Wednesday, March 27, 2013

AtomicFieldUpdater vs. Atomic

Java 1.5 introduced new family of classes (Atomic*FieldUpdater) for atomic updates of object fields with properties similar to Atomic* set of classes and it seems like there is slight confusion about the purpose of these. And that confusion is understood, the reason for their existance is not very obvious. First of all they are no way faster than Atomics, if you look at source, you see that there are lots of access control checks. Then, they are not handy - developer has to write more code, understand new API, etc.

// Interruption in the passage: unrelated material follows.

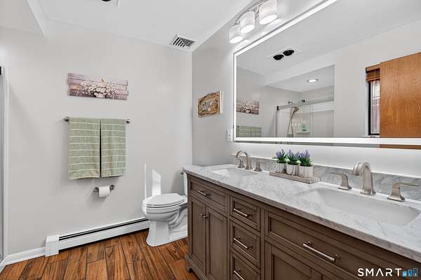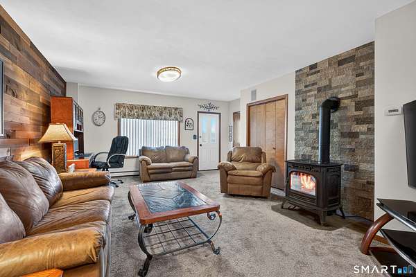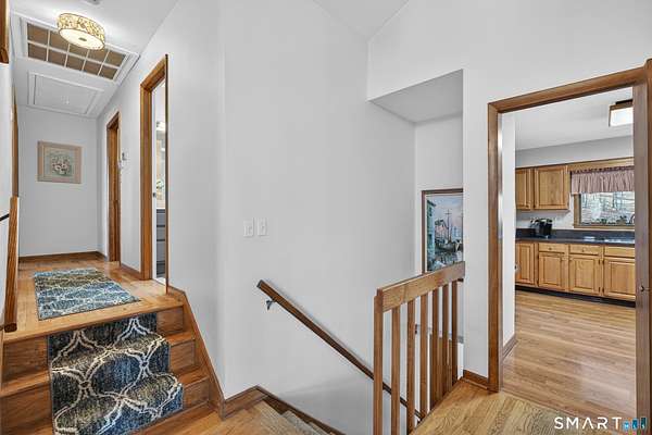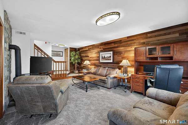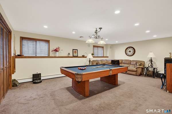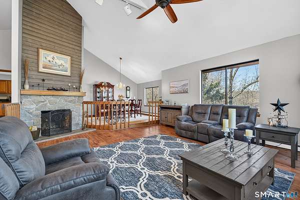 A striking contemporary ranch that lives with warmth, light, and intention. From the moment you enter, the vaulted ceilings draw your eye upward, embracing natural light that pours in through oversized windows and elevating the main living space with effortless volume. The well-appointed eat-in kitchen brings the heart of the home to life with hardwood cabinetry, stainless steel appliances, and granite countertops, making everyday cooking and gathering feel special. Down the hall, three comfortable bedrooms frame the main level, each at ease with the quietness of the property and the thoughtful renovations throughout. The fully finished lower level impresses with continuity and function - not below ground, but at grade - creating an incredible second chapter to the home. Here, you'll find a family room and media space, a second living area, the laundry room, and a flexible bonus room currently serving as a home gym, with a prior life as a fourth bedroom. This versatility expands how the home can live, grow, and entertain. All three bathrooms have been beautifully renovated, and recent updates continue into new carpeting on the stairwell and lower level family room, underscoring the pride of ownership felt throughout. Cherished and meticulously maintained, this home has held family, celebration, and quiet mornings; and now stands ready to welcome its next chapter.

So why would you bother? There are two main use cases when Atomic*FieldUpdater can be considered an an option:

  • There is a field which is mostly read and rarely changed. In that case, volatile field can be used for read access and Atomic*FieldUpdater for ocasional updates. Thought, that optimization is arguable, because there is a good chance that in latest JVMs Atomic*.get() is intrinsic and should not be slower than volatile.
  • Atomics have much higher overhead on memory usage than primitives. In cases when memory is critical Atomic can be replaced with volatile primitive with Atomic*FieldUpdater.

References:
http://concurrency.markmail.org/message/ns4c5376otat2p54?q=FieldUpdater
http://concurrency.markmail.org/message/mpoy74yhuwgi52fa?q=FieldUpdater

Tuesday, March 12, 2013

Scala: Automatic resourse management

After completing wonderful course by Martin Odesky, I have eventually had a chance to have a little play with Scala and create something more useful than "hello world" app. And even I have had some experience with that language just a few week before, I felt slightly frustrated. I reckon all that is because I become too dull and silly spending too much time with Java :) First surprise was that I realized that this language has a compiler - with Java it almost doesn't exist, you never 'compile' you do 'build', which is very different kind of thing. With Java you always almost curtain that you code is compilable, because modern IDEs (like Intellij) do not give you a chance to leave compilation error in your code. Another surprize is that Scala compiler is deadly slow, I have a good feeling that big project will suffer with it. So, you can say that with Scala it feels like comming back to good old C++ days :)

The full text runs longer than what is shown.